二日たち、三日目には、ご飯もほとんど喉を通らなかった。
料理の質は変わらないのに、味を感じない。
「…………」
何をする気も起こらず、ベッドで横になった。
「フラン……」
こうして一人でいると、今までのことが嘘みたいだ。
あの時の、地下牢に囚われていた時の、孤独を思い出す。
変わり映えのしない部屋を見ていると、変になりそうで、目を閉じる。
そして次に目を開けると……、私は死ぬ前にいた、暗い地下牢に一人きりでいた。
いつものように、お腹は痛いほど空いていて、冷たい硬い床で横になっている。
空腹に耐えかねて、背中側の床を探る。
……………………あった。
いつも、一日に一回持ってこられる食事。
それを一気に食べると、お腹が弱っているせいで戻してしまう。だからといってゆっくり食べていると、時間がきて、残っていても回収されてしまう。
だからいつもパンを小さくちぎって隠していた。
私は身を少し起こすと、そのパンに集っていた虫を手で払いのけ、カケラを口に運ぶ。
カビの味がした。
何も、灯ひとつさえない景色を一人見ていると、
フランとの再会は夢だったんだと気づき始める。
そうだよね、あんな幸せなこと、あるはずないよね。
暖かいベッドがあって、美味しい食事もあって。
何よりフランがいて。私を愛してくれて……。
「フラン……」
頬を涙が伝う。
「フラン、フラン……」
ああ、フランに会いたい。
フランに会えるなら、他には何もいらない。
一生空腹で、牢屋暮らしでもいい。
「フランに会いたいよ…………」
何もない宙に、手を伸ばして……。
「ここにいるわ、アリーシャ」
……その手を、フランが強く掴んだ。
一気に意識が覚醒する。
フランが私に用意してくれたあの部屋だ。
ベッドの上で、私は横になって手を伸ばしていて、フランの手と繋がっていた。
フランは、握手のようにして握っていた二人の指同士を絡めて言った。
「思ったより早く用事が済んでね。そうしたら、アリーシャが悲しんでるって感じて、すぐに戻ってきたの」
「ありがとう、フラン……」
ああ、夢じゃなかった。
嬉しくてフランに抱きつく。絡めていない方の手を、フランの背中に回す。
ベチャ
……嫌な、感触。なにか、ドロっとした液体を触ったような……。
恐る恐る手のひらを見ると……、真っ赤に染まっていた。
もう一度フランの姿をよく見る。
そして気づく。
フランの服のあちこちに、大きな血がベッタリと付いていた。
「どうしたの?……ああ……」
フランが、事もなげに言う。
「気にしないで、私のじゃないから」
そ、そっか……よかった……。
安堵する。

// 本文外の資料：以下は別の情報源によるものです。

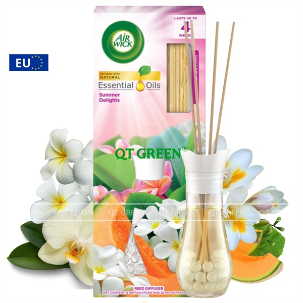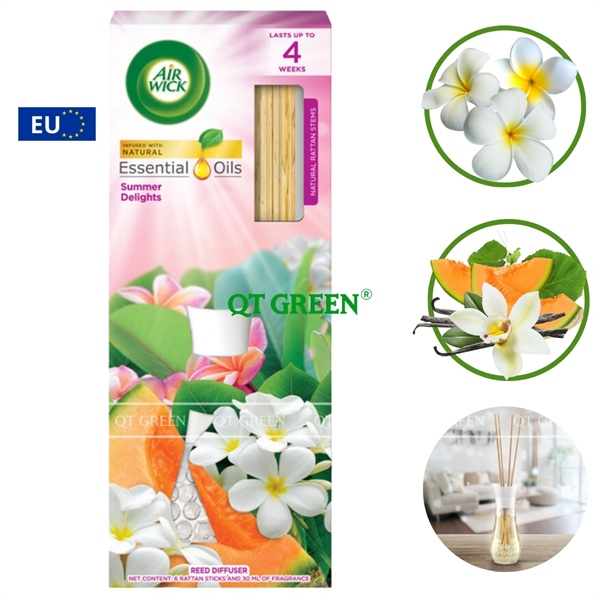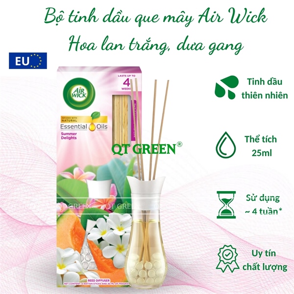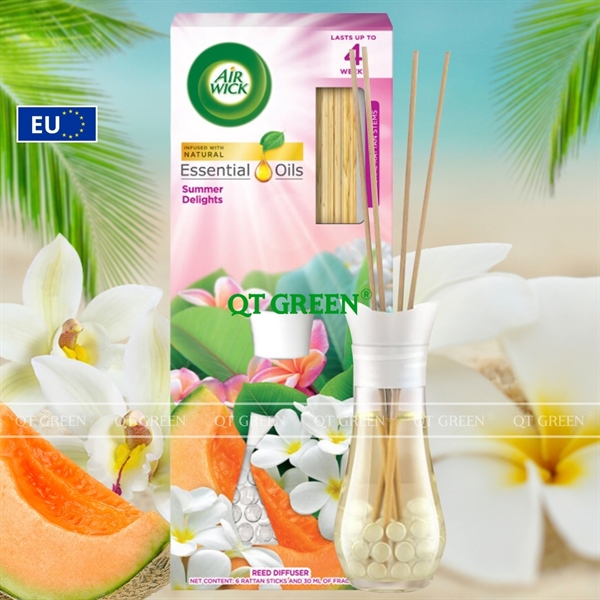 Bộ khuếch tán tinh dầu que mây Air Wick Reed Diffuser Essential Oils 25ml Summer Delights - hoa lan trắng, dưa gang - Bộ

と、同時に当然の疑問が浮かぶ。
じゃあ、誰の……?
「それって……」
「いいでしょう?そんなことどうでも」
フランが血のついた服を脱ぎ捨て、血の話を続けようとする私に、強引にキスをしてくる。
フランの舌が私の口内に侵入し、支配する。
数分すぎ、息が苦しくなり背中を叩くと、ようやく離してくれた。
頭がぼーっとする。口だけじゃなく、フランに、脳内まで掻き回されたような気さえする。
フランのことしか、考えられない。
「私も、アリーシャに会いたかったの。たった3日が、永遠に感じられるくらい。だから……」
息が苦しくて、視界が歪む。
周りが全て原型を溶かし、中心にいるフランだけがはっきりと見える。
他のことはおしまいで、フランだけが私の世界だった。
「だから、今はただ、愛し合いましょう?」
勿論、私はフランを受け入れた。